4.2. Future Directions

Future studies should focus on experimental validation of our computational predictions through multiple approaches. Sanger sequencing confirmation of the mutation in additional tissue samples would strengthen the genetic findings. Functional assays, including luciferase reporter assays, chromatin immunoprecipitation, and RNA sequencing, could elucidate the transcriptional consequences of the mutation. Cell viability assays and drug sensitivity testing using patient-derived glioma cells would validate the predicted therapeutic implications.

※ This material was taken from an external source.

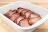 Kogt hamburgerryg i skiver lægges i bunden af et ildfast fad.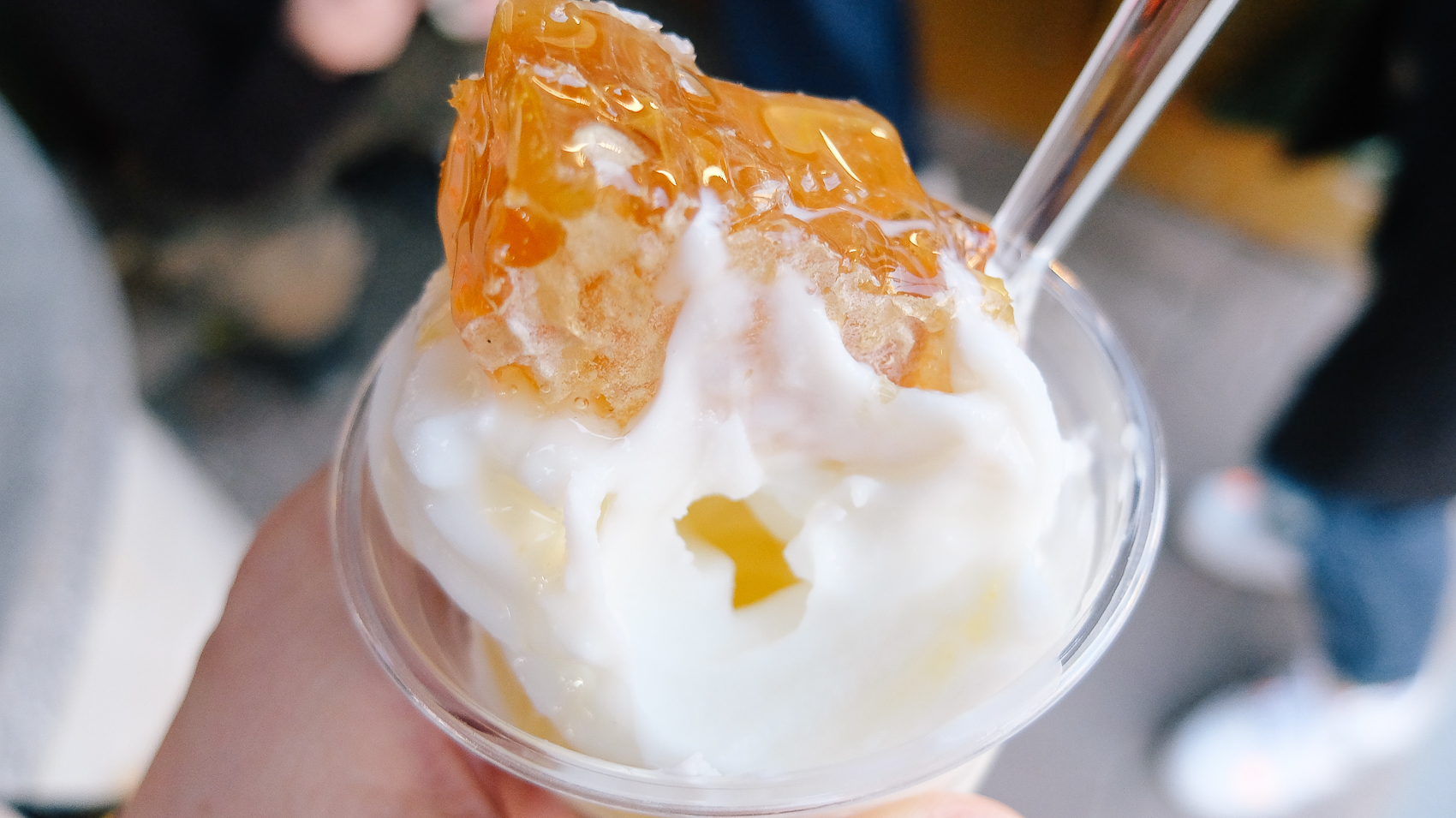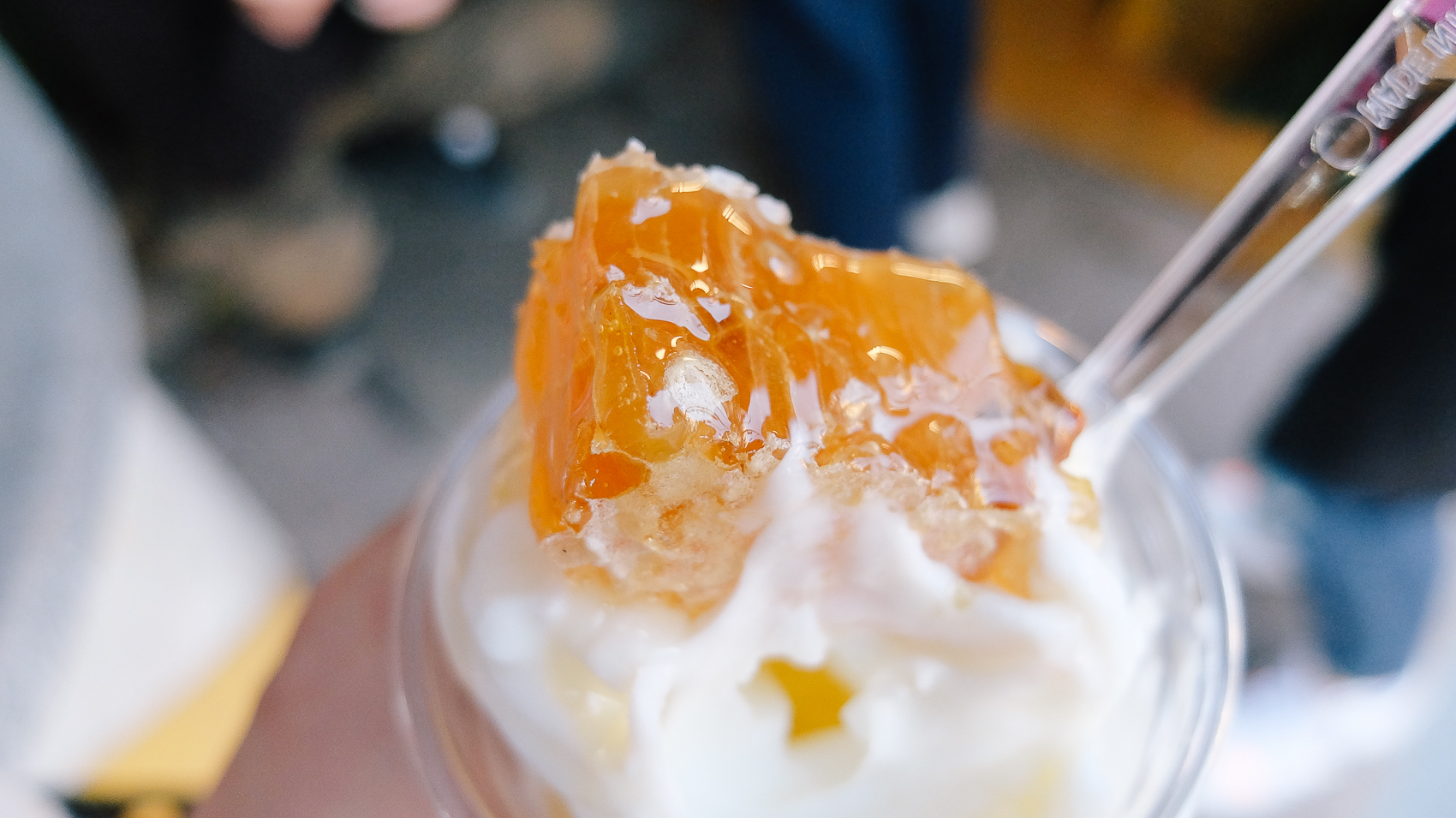 아이스크림을 컵에 담으면서 동시에 꿀 시럽을 컵 벽면에 둘러주어 아이스크림에 골고루 꿀이 묻게끔 해주고, 마지막 적당한 크기로 잘라낸 벌꿀집을 얹히면 끝! 달콤한 비주얼만큼이나 맛도 어마 무시했다..ㅋㅋㅋ

Additionally, screening larger cohorts of lower-grade glioma patients for GATA2 mutations could establish the frequency and clinical significance of such alterations in this tumor type.

5. Conclusions

We report the first identification of a GATA2 p.Arg396Trp mutation in a lower-grade glioma patient. Our comprehensive computational analysis suggests this variant may be pathogenic and could influence transcriptional regulation and drug binding affinity. However, these findings represent preliminary observations from a single case that require extensive experimental validation and clinical correlation in larger patient cohorts. While our study provides a foundation for future investigations into the GATA2 role in glioma biology, the clinical significance of this mutation remains to be established through functional studies and expanded clinical series.